*** Opening SUPPLIED DATA ***

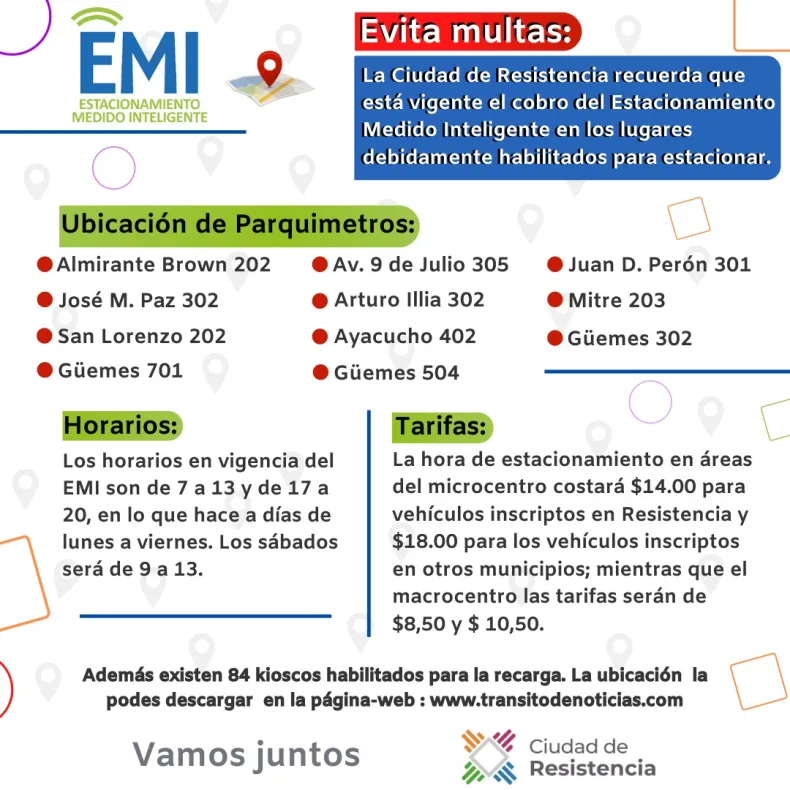 La Municipalidad de Resistencia, a través de Secretaría de Gobierno y la Subsecretaria de Transito y Seguridad Ciudadana, recuerda a los vecinos sobre el cumplimento del sistema de Estacionamiento Medido Inteligente (EMI) para evitar multas contravencionales.
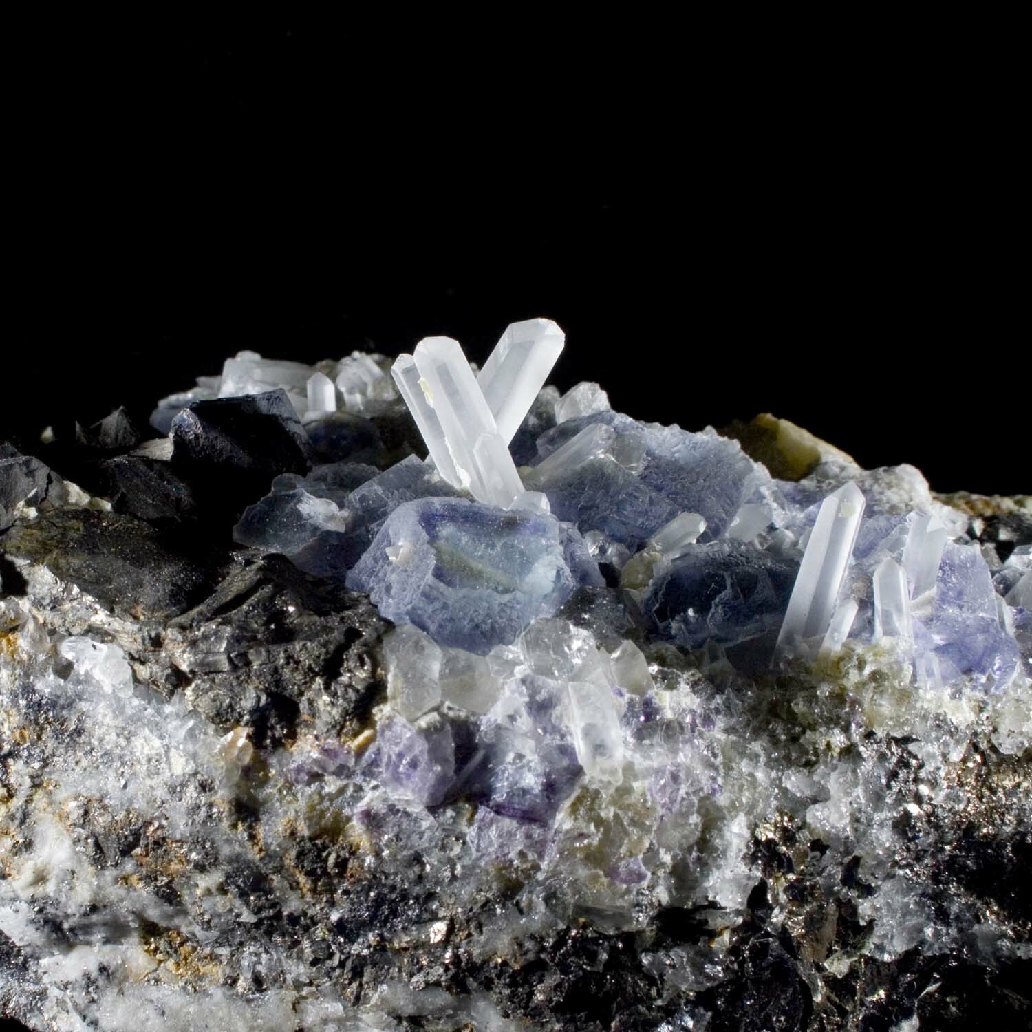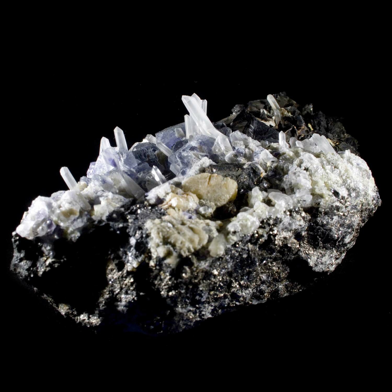A rare specimen from the Yindu Mine, Inner Mongolia, China. A multi-mineral specimen in its lightly-prepared natural state, scepters of Quartz rise off a matrix of many colors, surrounded by crystals of dynamic blue Fluorite with color zoning. Wolframite, Pyrite and Galena are visible on or within this amazingly complex, fascinating example of the Earth's art.
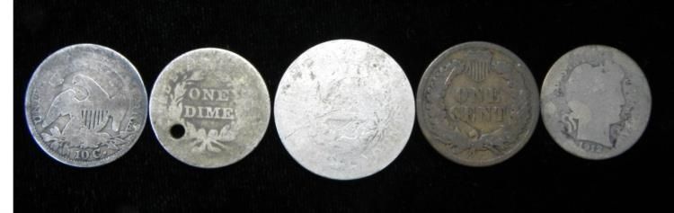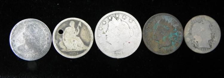 Offered are 5 US Type Coins. They are:1832 - Capped Bust Dime--1851 - Seated Liberty Dime (Holed)--1912 - Barber Dime--1885 - V. Nickel--1906 - Indian Cent

*** Closing SUPPLIED DATA ***

Retype the listing above exactly. Pictures are not part of the copy.

 La Municipalidad de Resistencia, a través de Secretaría de Gobierno y la Subsecretaria de Transito y Seguridad Ciudadana, recuerda a los vecinos sobre el cumplimento del sistema de Estacionamiento Medido Inteligente (EMI) para evitar multas contravencionales.
A rare specimen from the Yindu Mine, Inner Mongolia, China. A multi-mineral specimen in its lightly-prepared natural state, scepters of Quartz rise off a matrix of many colors, surrounded by crystals of dynamic blue Fluorite with color zoning. Wolframite, Pyrite and Galena are visible on or within this amazingly complex, fascinating example of the Earth's art.
 Offered are 5 US Type Coins. They are:1832 - Capped Bust Dime--1851 - Seated Liberty Dime (Holed)--1912 - Barber Dime--1885 - V. Nickel--1906 - Indian Cent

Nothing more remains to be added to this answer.